Cases with schizophrenia were identified via the Swedish Hospital Discharge Register 76,77 which captures all public and private inpatient hospitalizations. The register is complete from 1987 and augmented by psychiatric data from 1973-86. The register contains ICD discharge diagnoses 78-80 made by attending physicians for each hospitalization. 81-84 Case inclusion criteria: ≥2 hospitalizations with a discharge diagnosis of schizophrenia, both parents born in Scandinavia, and age ≥18 years. Case exclusion criteria: hospital register diagnosis of any medical or psychiatric disorder mitigating a confident diagnosis of schizophrenia as determined by expert review, and included removal of 3.4% of eligible cases due to the primacy of another psychiatric disorder (0.9%) or a general medical condition (0.3%) or uncertainties in the Hospital Discharge Register (e.g., contiguous admissions with brief total duration, 2.2%).
The validity of this case definition of schizophrenia is described at length in the Supplement, and validity is strongly supported by clinical, epidemiological, genetic epidemiological, and genetic evidence.
Controls were selected at random from Swedish population registers with the goal of obtaining an appropriate control group and avoiding “super-normal” controls. 85 Control inclusion criteria: never hospitalized for schizophrenia or bipolar disorder (given evidence of genetic overlap with schizophrenia), 5,14,86 both parents born in Scandinavia, and age ≥18 years.
Of the potential cases and controls who were alive and contactable, refusal rates were higher for cases than for controls (46.7% versus 41.7%).
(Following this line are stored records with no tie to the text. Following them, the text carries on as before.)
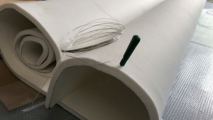 4000gr/m2 to 4200gr/m2 (one turn) monoturn Ironer Padding One Wrap Felts are the thick needled felts thickness about 18mm to 22mm, weight from 4000gr/m2 to 4200gr/m2, it is applied in one turn on top of the individual springs of heated chest ironers, our one turn ironer padding are suitable for a variety of commercial ironer machine brands. It is made of 100% polyester , meta-nomex/polyester , 100% nomex(aramid). |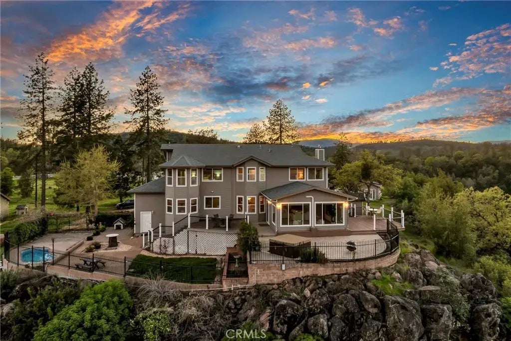 Picturesque Equestrian Estate situated on 40 acres overlooking Asbill Valley! Located a few short miles from town and nestledbetween 2 fabulous Lake County wineries,you will find this peaceful, fully fenced/cross fenced property which includes a Custom Built 4 bed + den / 2.5 bath, 3,353 SF home with outstanding panoramic views surrounding. A 528 SF guest cottage, detached 544 SF garage/shop, 12x12 tool shop & 6x6 woodshed. The upper portion of the property is ready for livestock with newer white vinyl 4 rail fencing, several pastures, a chicken coop, 6 horse stalls (singles and doubles), horse arena and designated tack room. A circular driveway with plenty of space nearby the main home offers several level parking opportunities for your cars or recreationalvehicles. The formal entry with 2 story ceilings and hardwood flooring makes a statement as you enter the home. The main level includes a large sunken living room with beautiful wood beam ceilings, a new wood burning stove with dedicated wood pass through and a wet bar for entertaining! The kitchen has been updated to include Granite countertops, tiled backsplash, spacious center island, Stainless Steel appliances & a walk-in pantry! Dine at the breakfast nook with a view or at the formal dining area with built-in hutch. Large indoor laundry/utility room + sink and a 1/2 bath provide convenience. The office/den on the main level offers extra space to live/work. Upstairs enjoy 4 spacious bedrooms with custom touches like built in desks & shelving. The primary suite offers outstanding views, a seating area with built-in sh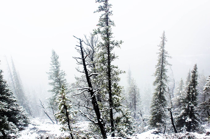 Hike Tunnel Mountain from Banff for views over the town and surrounding valley. Or if it's foggy and snowing that day, you'll see something like this...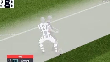 爭(zhēng)議畫(huà)面。電視轉(zhuǎn)播畫(huà)面讓人誤以為是阿格德位置更靠前,暗示這并非越位。這是一種視覺(jué)錯(cuò)覺(jué)。賽后,馬克-卡薩多呼吁重新審視這個(gè)判罰:"西甲應(yīng)該檢查一下是否是羅伯特的腳。"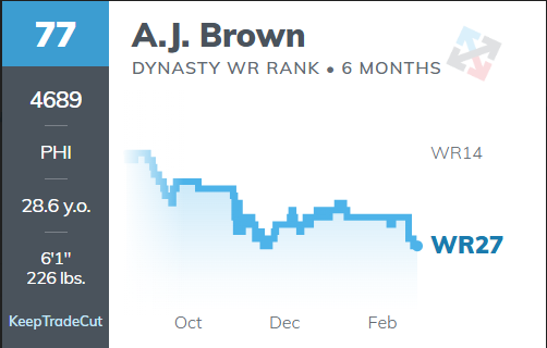 Seeing A.J. Brown priced as WR27 in dynasty ADP feels like a quiet win for contenders. At 28 years old, Brown is being pushed down boards due to uncertainty, frustration, and his situation, not decline.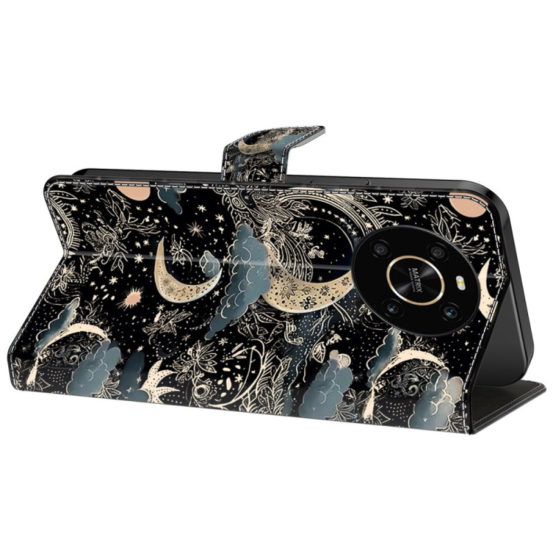 Elegant case for Honor X9 5G combining style and functionality. Refined design with moon motif, integrated wallet with 2 card slots and 1 banknote pocket. Adjustable stand for hands-free viewing. Full anti-shock and anti-scratch protection.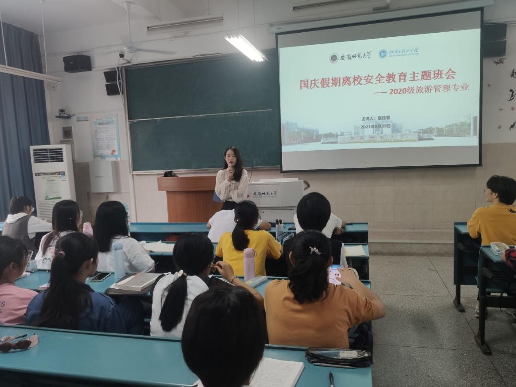本网讯(地旅学院 赵佳慧 舒玉茹)十一假期即将到来,为强化疫情防控主题,响应学校防疫政策,维护校园安全稳定,进一步增强学生的安全意识和防护意识,9月29日,2020级旅游管理专业召开国庆假期离校安全教育主题班会。班会由辅导员赵佳慧老师主持,2020级旅游管理专业全体同学参加。

However, these proportions compare favorably with modern refusal rates in epidemiology (59% for cross-sectional and 44% for case-control studies), 87,88 and in a recent large Norwegian longitudinal study (58%). 89 For cases, comorbidity with drug/alcohol abuse or dependence did not predict participation nor did any subtype of schizophrenia (e.g., paranoid or disorganized types). The sample was approximately representative of the Swedish populace in regard to county of birth (Supplemental Figure 4).
DNA was extracted from peripheral blood samples at the Karolinska Institutet Biobank. Samples were genotyped in six batches at the Broad Institute using Affymetrix 5.0 (3.9%), Affymetrix 6.0 (38.6%), and Illumina OmniExpress (57.4%) chips according to the manufacturers' protocols (Supplemental Table 3). Genotype calling, quality control, and imputation were done in four sets corresponding to data from Affymetrix 5.0 (Sw1), Affymetrix 6.0 (Sw2-4), and the OmniExpress batches (Sw5, Sw6). Genotypes were called using Birdsuite (Affymetrix) or BeadStudio (Illumina). The quality control parameters applied were: SNP missingness < 0.05 (before sample removal); subject missingness < 0.02;autosomal heterozygosity deviation; SNP missingness < 0.02 (after sample removal);difference in SNP missingness between cases and controls < 0.02; and deviation from Hardy-Weinberg equilibrium (P < 10−6 in controls or P < 10−10 in cases).
After basic quality control, 77,986 autosomal SNPs directly genotyped on all four GWAS platforms were extracted and pruned to remove SNPs in LD (r2> 0.05) or with minor allele frequency < 0.05, leaving 39,239 SNPs suitable for robust relatedness testing and population structure analysis. Relatedness testing was done with PLINK90 and pairs of subjects with π(x00302) > 0.2 were identified and one member of each relative pair removed at random. Principal component estimation was done with the same collection of SNPs. We tested 20 principal components for phenotype association (using logistic regression with batch indicator variables included as covariates) and evaluated their impact on the genome-wide test statistics using λ 19 after genome-wide association of the specified principal component, and 11 principal components were included in all association analyses.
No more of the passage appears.